§ **Collected material**
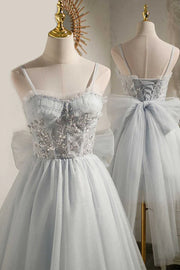 Robe de soirée courte avec nœud perlé dans le dos
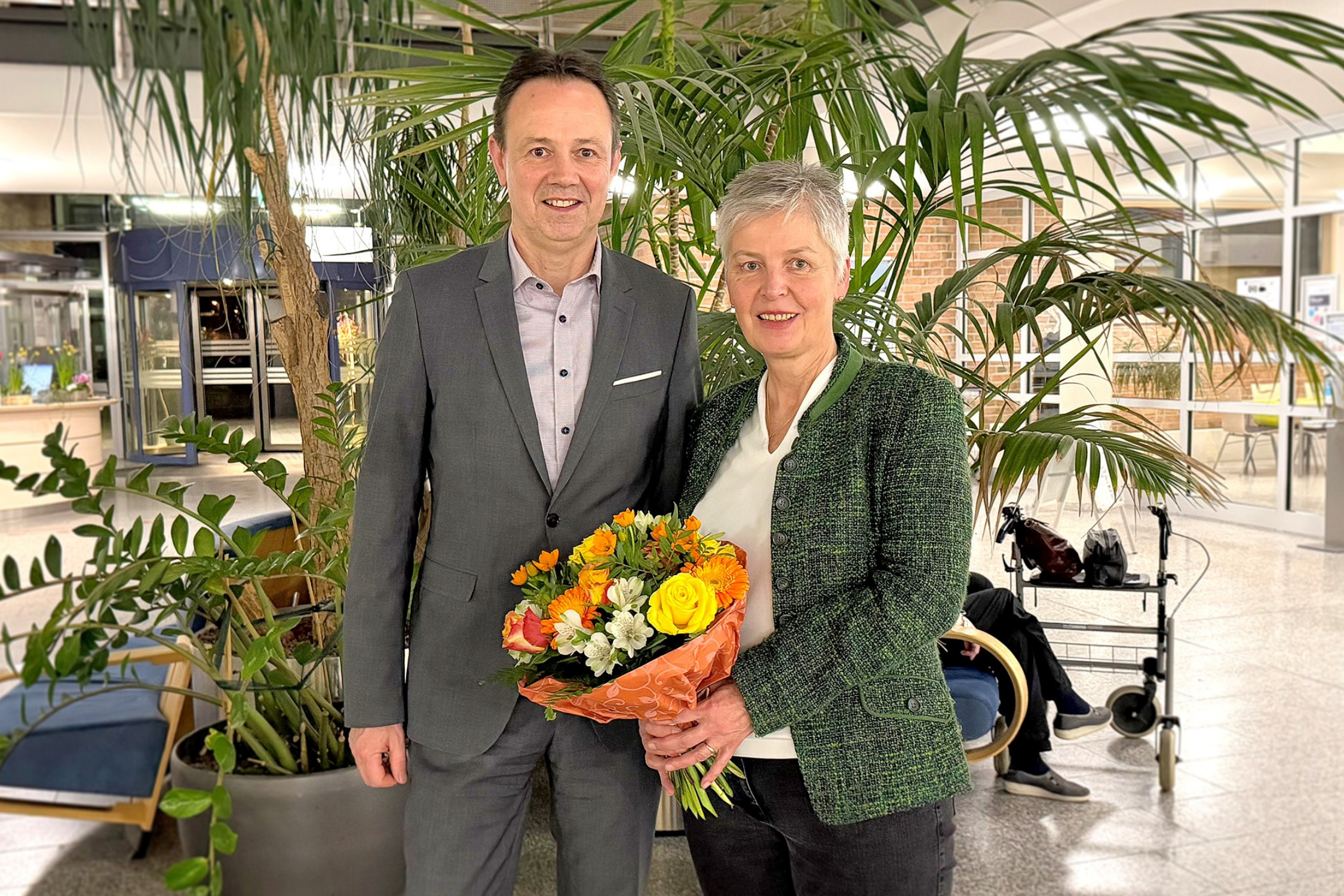 Foto (v.l.): Michael Sammet (Geschäftsführer Herz-Jesu-Krankenhaus Fulda) verabschiedet die katholische Krankenhausseelsorgerin Hannelore Dauzenroth in den Ruhestand.
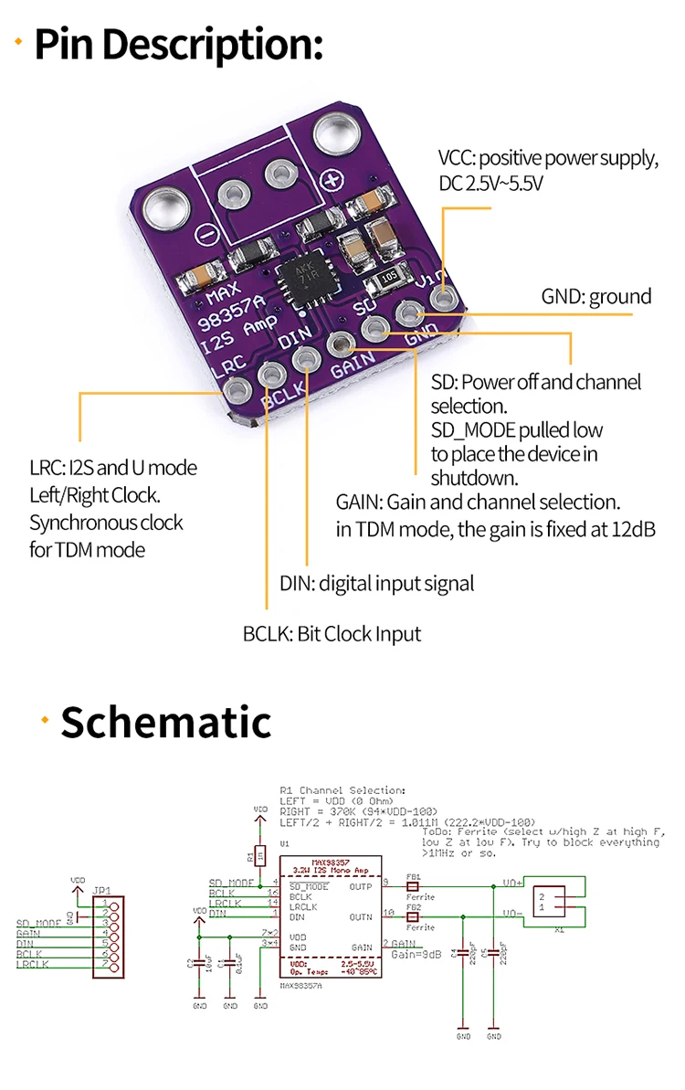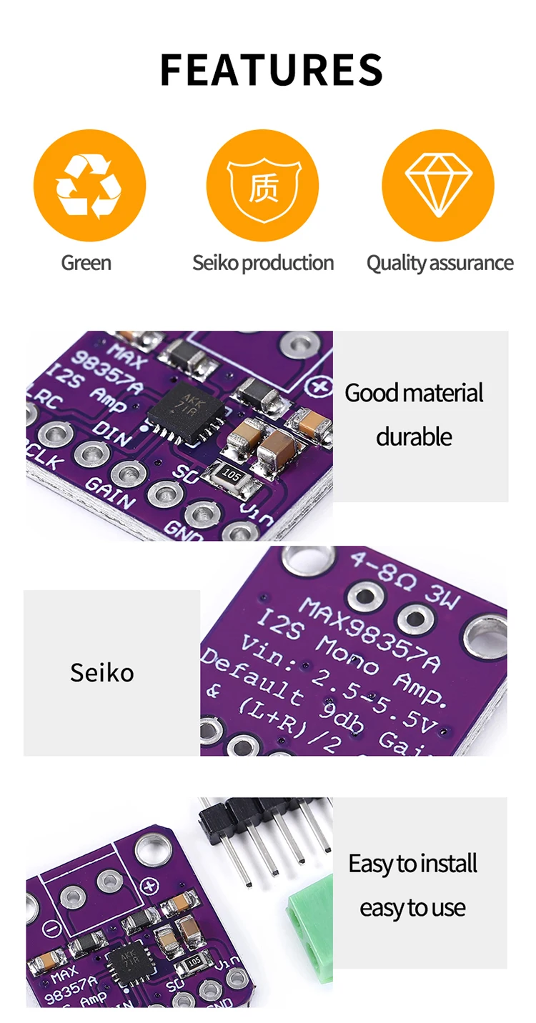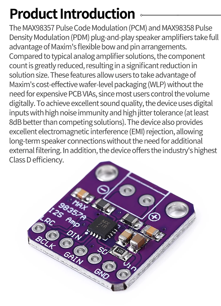 라즈베리 파이 Esp32 용 필터리스 오디오 보드 Max98357 I2S 3W 클래스 D 앰프 브레이크아웃 인터페이스 Da

§ **Exercise requirements**
An exact copy of all the data above is required; omit any pictures.

§ **Solution below**
 Robe de soirée courte avec nœud perlé dans le dos
 Foto (v.l.): Michael Sammet (Geschäftsführer Herz-Jesu-Krankenhaus Fulda) verabschiedet die katholische Krankenhausseelsorgerin Hannelore Dauzenroth in den Ruhestand.
 라즈베리 파이 Esp32 용 필터리스 오디오 보드 Max98357 I2S 3W 클래스 D 앰프 브레이크아웃 인터페이스 Da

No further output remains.